The Secret To Quiz Shows

As a trivia fiend of some renown, I look forward to new series of quiz shows at the best of times, but on Saturday night waiting for the second series of BBC One'sto start I was genuinely excited. Because I wrote questions for it.

As a trivia fiend of some renown, I look forward to new series of quiz shows at the best of times, but on Saturday night waiting for the second series of BBC One's Secret Fortune to start I was genuinely excited. Because I wrote questions for it.

I've been writing quiz questions for about fifteen years now for a number of audiences and reasons, from my whole primary school (all 52 of us) for a jaunty Friday afternoon feature to charity table quizzes in college, but this would be my first time writing for the TV. Needless to say, I loved it.

Telling people what I was doing was a fun experience. People who knew me best just laughed and said "of course you are, that makes perfect sense". Others seemed astonished that this was a job people actually did. One person even suggested I go on a school's roadshow to let kids know that such exotic careers were possible.

Making the show was just as enjoyable as telling people I was making the show. For two months I worked in Belfast at the good people of the production company Wild Rover's offices, overlooking the city centre's most beautiful bus rank, dreaming up riddles for the viewing public. While I've gotten used to churning out questions over the years, this was a whole different challenge.

You see, Secret Fortune does things quite differently. Whereas most quizzes have posers such as "Who is the Chancellor of the Exchequer?" or "If you were in Buenos Aires right now, would you need to wear a scarf?", questions like "Which of these Hollywood actors is tallest?" or "Which of these landmarks is furthest from London?" were our stock in trade.

Coming up with questions in that format was one thing, but coming up with four multiple choice answers to complement them was the real challenge. As the basic principle of Secret Fortune in the first round is that the closer you are to the top answer, the more money you're likely to win, the answers had to be credible enough that they could all be the top answer. The opposite applies in the second round, as the object is to whittle out the low sums of cash so that you're left with fat stacks at the end. In other words, the questions needed to be open enough that a couple of players without a clue could make a good stab at it, but also hard enough that it rewards a couple that have the requisite knowledge to answer it correctly.

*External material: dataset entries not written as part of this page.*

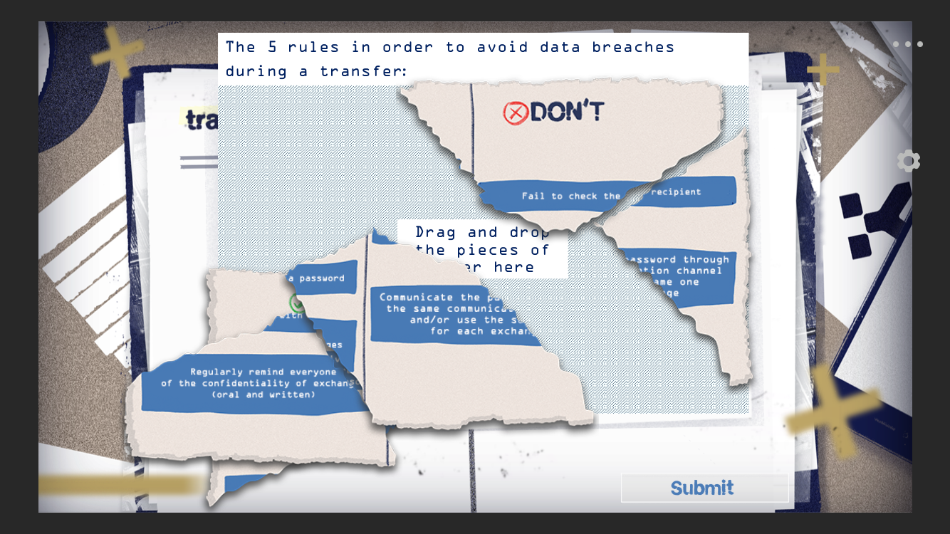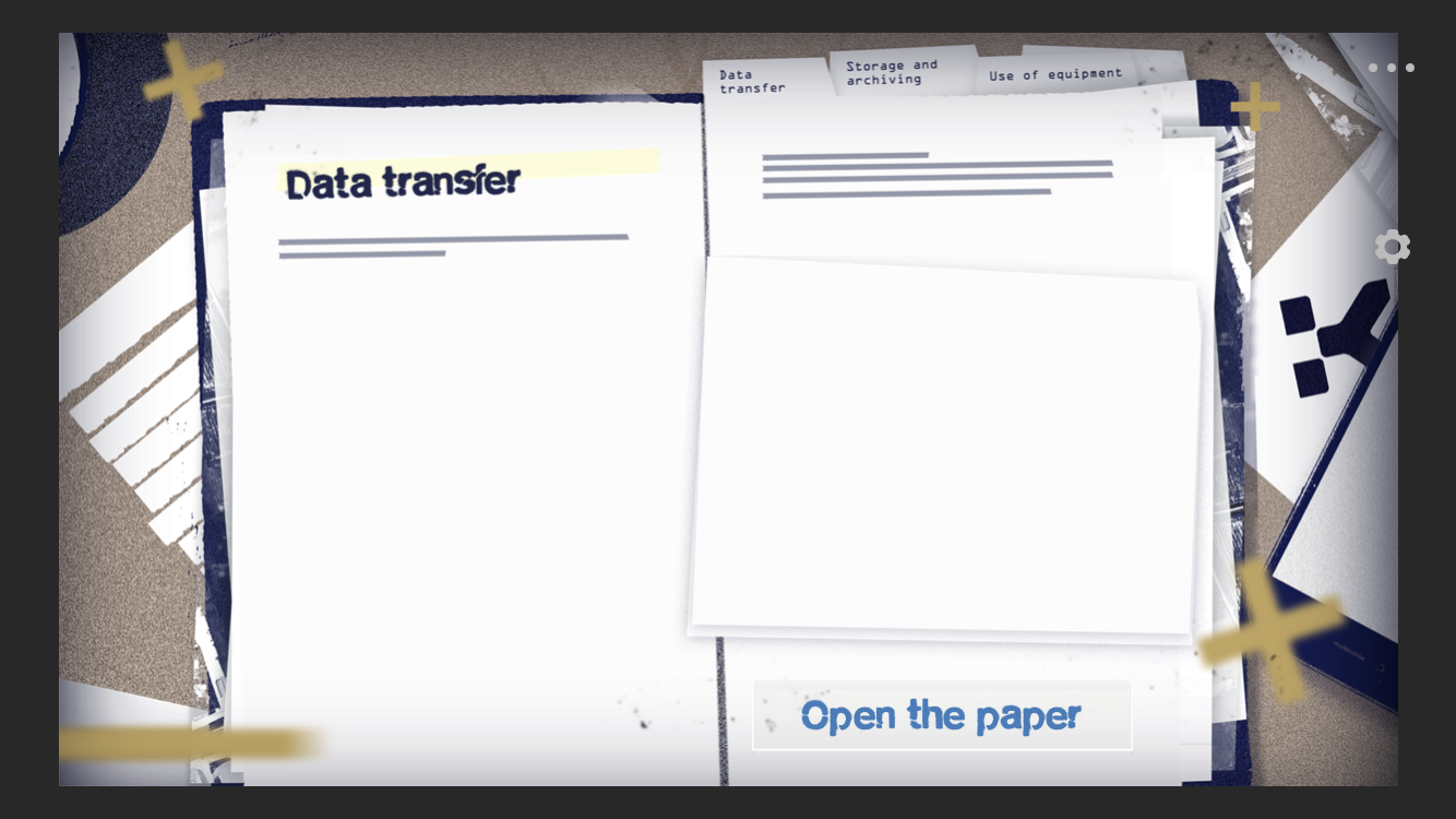Learners start the training, launch the first video and the immersion is immediate. Plunged into darkness, we’re asked to remove the blindfold covering our eyes and we discover the War Room, a secret room dedicated to data protection.
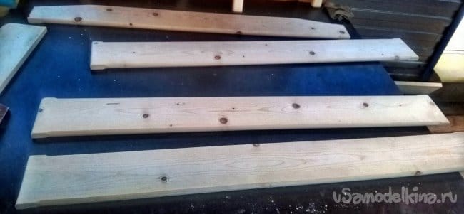 Доски использовал обрезного типа 150х25 мм. Бруски, которые имеют размеры сечения 50х50 мм. Эти элементы потребуются для изготовления основных рам и ножек. После того как нарезав заготовки в нужные размеры, ручным фрезером используя радиусную фрезу закруглил грани в нужных местах. Затем шлиф машинкой отшлифовал основное и вручную наждачной бумагой доработал.
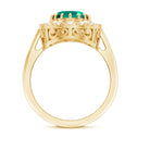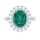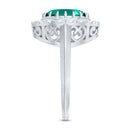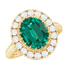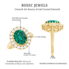 Certified 8X10 mm Oval Lab Grown Emerald Vintage Looking Engagement Ring with Halo

So, not difficult at all then.

Question writing is at times an effort intangible to the point of counter-intuitive. You spend a lot of time searching your inner recesses and external search engines for ideas. A friend of mine asked me once "how long could it take you to write ten questions, like half an hour?" That timeframe isn't a mile off, but writing ten good questions takes a lot longer.

After we had done our sacred question duty came the fun part: watching the contestants answer them, the first set of which one £100,000 in some style on Saturday night. Given the money at stake it would have been understandable for the contestants to want to blow it all on hats, but all of them were disarmingly altruistic. When presenter Nick Knowles asked what they'd spend the money on if they won, invariably the response would be "well my sister needs" or "my brother would like to". All the contestants had such good plans for the money they might win, so the notion that one of my questions could be the difference between getting it and not was beyond humbling.

And that's the abiding impression working on Secret Fortune has made. I've been watching quizzes since before I could properly enunciate "I'll have a P please, Bob", but being on the inside has shown me the extent to which far from being a fun way to pass a bit of time on the TV schedule or exercise your brain a bit, shows like that can have a genuine and substantial effect on people's lives. With that added dimension, I enjoy them all the more now.